In this talk, I present the first set of findings from my PhD research, in which I am exploring the Drupal community as part of the wider phenomena of Commons-Based Peer Production (http://en.wikipedia.org/wiki/Commons-based_peer_production).
During this first stage of my research, I studied the notion of contribution: what does to contribute mean in the Drupal community? While contribution activities focussed on the collaborative creation of different types of digital commons (e.g. source code, documentation, etc.) have been widely explored, other types of contribution whose focus of action is directed towards the community have remained less visible. Drawing on data collected from documentary analysis, semi-structured qualitative interviews and participant-observation I offer empirical evidence of:
- The perception of "community-oriented" activities (such as the organisation of F2F events, mentoring, etc.) as contributions.
- Its lack of visibility, by looking at how this is reflected in Drupal.org (e.g. user profiles). I discuss as well the limitations with regard to the conceptualisation of value in Commons-Based Peer Production and on its incorporation in the socio-technical systems employed by these communities.

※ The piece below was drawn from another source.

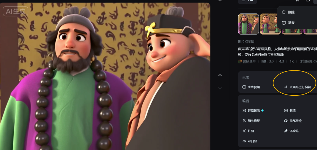 保存下来之后,截图视频里的关键画面,我们后续要用AI来生成3D动画版,
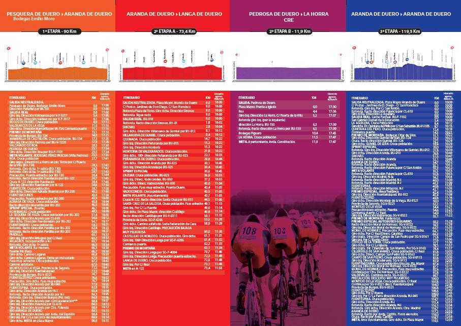 El sábado 19 será el día de la jornada doble. Por la mañana, la segunda etapa de 73 kilómetros entre Aranda de Duero y Langa de Duero. Por la tarde, una crono por equipos entre Pedrosa de Duero y la Horra, con 12 kilómetros de recorrido. El domingo se cerrará esta segunda edición de la Vuelta a la Ribera del Duero Júnior con la etapa con salida y llegada en Aranda, de 119,5 kilómetros. En total el pelotón júnior completará casi 277 kilómetros. La Plaza Mayor acogerá la correspondiente entrega de premios.

- Its relevance for the sustainability of the community, fostering collaboration between Drupalistas in several ways: creating and scaling up the sense of community, avoiding impostor syndrome for newcomers, etc. I connect this to the larger literature on the commons, by drawing on the concept of affective labour (http://en.wikipedia.org/wiki/Affective_labor). This refers to the labour that creates or modifies the emotional experiences of the participants in these communities. I discuss how similar dynamics can be found in completely different domains (such as non-digital ones) in the literature. This refers to the role of these contribution activities to change the subjectivities of their participants: the idea of "becoming a commoner through commoning", or, in this case, "becoming a Drupalista".